Na Terapia Cognitivo-Comportamental (TCC), esses padrões são chamados de distorções cognitivas. São pequenos "bugs" no processamento de informações que alteram nossa percepção da realidade e mantêm o ciclo ansioso girando sem parar.
Uma das distorções mais comuns é a catastrofização. É quando sua mente se torna uma especialista em antecipar o pior cenário possível e passa a tratá-lo como um fato consumado. Perguntas como “E se eu travar na reunião?” ou “E se algo acontecer com minha família?” disparam um alarme falso.
O problema é que o cérebro não sabe distinguir uma ameaça imaginária de uma real: mesmo sem evidências concretas, seu corpo libera cortisol e adrenalina, reagindo como se a tragédia já estivesse acontecendo agora.
Outra falha frequente de processamento é a leitura mental. Aqui, a pessoa acredita piamente que sabe o que os outros estão pensando — e o veredito é quase sempre negativo. “Devem estar me achando ridículo” ou “Tenho certeza de que estão me julgando” são interpretações sem base em fatos que geram insegurança, vergonha e reforçam o medo da exposição social.
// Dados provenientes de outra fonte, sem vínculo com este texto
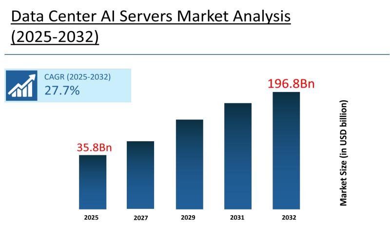 The global data center AI servers market was valued at US$ 35.8 billion in 2025 and is projected to reach approximately US$ 196.8 billion by 2032, growing at a CAGR of 27.7%. This growth is driven by widespread enterprise AI adoption, generative AI infrastructure buildout by cloud providers, and large-scale data center expansion programs across North America and Asia-Pacific.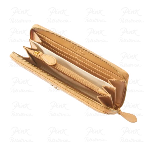PINKO Ryder Zip Around Sheep Nappa Chevron 100250-A0GK-C83Q Torrone/Antique Gold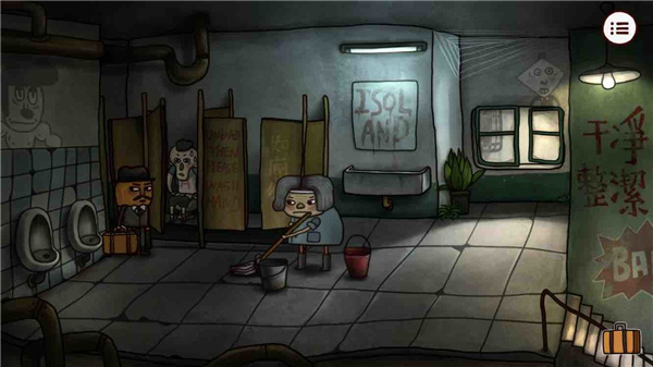 5、去混混二人组对面的厕所,看到做保洁的婆婆。然后调皮的我们开始玩弄厕所的门,看到惊慌失措的马桶用户,反复玩弄厕所门,直至拿到成就。

No fim das contas, você não está reagindo ao que os outros pensam, mas ao que você acha que eles pensam.
Há também o deverismo, marcado por uma rigidez gramatical interna: “eu deveria ser perfeito”, “eu tenho que dar conta de tudo”. Esse padrão cria uma pressão interna constante baseada em exigências irreais. O resultado? Uma fábrica de culpa, autocobrança excessiva e, inevitavelmente, o esgotamento.
A boa notícia é que esses modos de pensar não são defeitos genéticos ou traços de personalidade imutáveis. Eles são padrões aprendidos ao longo da vida e, justamente por isso, podem ser desaprendidos e modificados.
O primeiro passo para a mudança é a consciência: reconhecer que esses filtros existem e entender como eles sabotam suas emoções e comportamentos. Quando você para de obedecer cegamente a essas "vozes" e começa a questionar as evidências por trás delas, o ciclo da ansiedade começa a perder força.
Se você sente que seus pensamentos se tornaram muros altos demais para pular sozinho, a terapia é o laboratório ideal para observar, questionar e reestruturar esse funcionamento. Afinal, a realidade costuma ser muito menos assustadora do que o filme que sua mente insiste em projetar.